1. For AMD ROCm accelerators:
  1. Use amd-smi static -a to verify that the container can access the host system GPUs:
    
    $ podman run -ti --rm --pull=newer \ --security-opt=label=disable \ --device=/dev/kfd --device=/dev/dri \ --group-add keep-groups \ --entrypoint="" \ registry.redhat.io/rhaiis/vllm-rocm-rhel9:3.3.0 \ amd-smi static -a
    
    Where:
    --group-add keep-groups
    Preserves the supplementary groups from the host user. On AMD systems, you must belong to both the video and render groups to access GPUs.
  2. Start the container:
    
    podman run --rm -it \ --device /dev/kfd --device /dev/dri \ --security-opt=label=disable \ --group-add keep-groups \ --shm-size=4GB -p 8000:8000 \ --env "HUGGING_FACE_HUB_TOKEN=$HF_TOKEN" \ --env "HF_HUB_OFFLINE=0" \ -v ./rhaiis-cache:/opt/app-root/src/.cache \ registry.redhat.io/rhaiis/vllm-rocm-rhel9:3.3.0 \ --model RedHatAI/Llama-3.2-1B-Instruct-FP8 \ --tensor-parallel-size 2
    
    Where:
    --security-opt=label=disable
    Disables SELinux label relabeling for volume mounts.

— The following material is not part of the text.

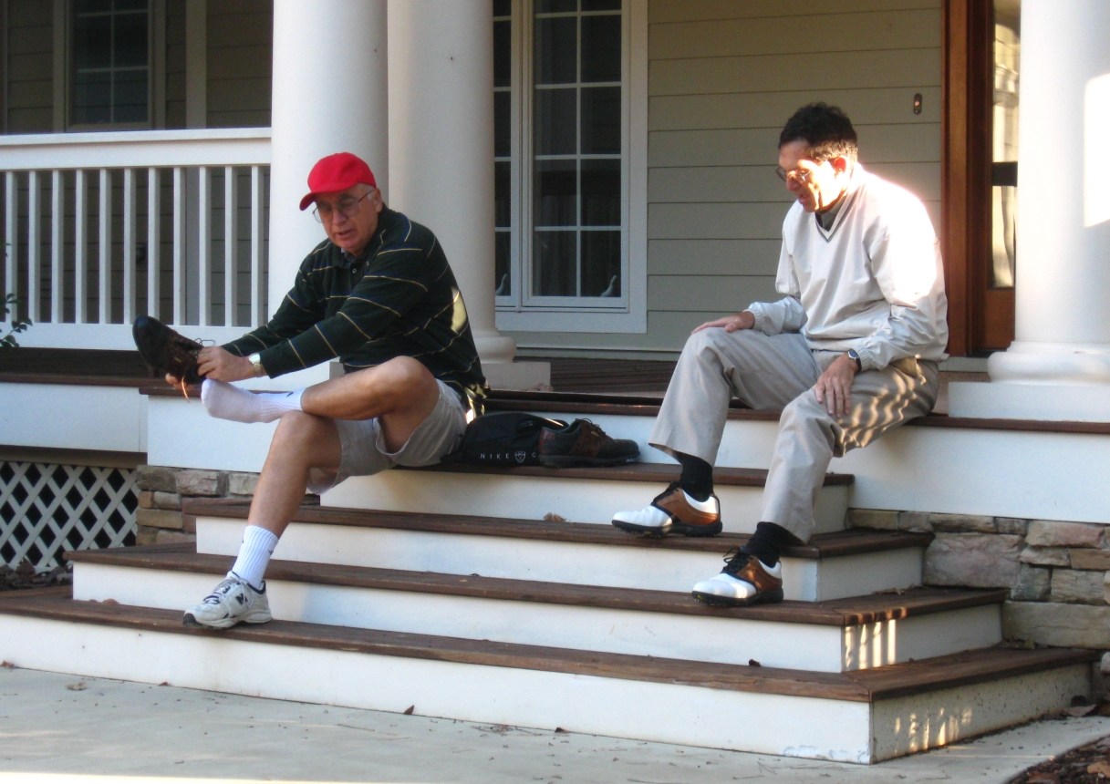 We put on our golf shoes on the front steps, and we're off for some golf! | You

Without this option, the container might fail to start.
    --shm-size=4GB -p 8000:8000
    Specifies the shared memory size and port mapping. Increase --shm-size to 8GB if you experience shared memory issues.
    --tensor-parallel-size 2
    Specifies the number of GPUs to use for tensor parallelism. Set this value to match the number of available GPUs.

Verification

In a separate tab in your terminal, make a request to the model with the API.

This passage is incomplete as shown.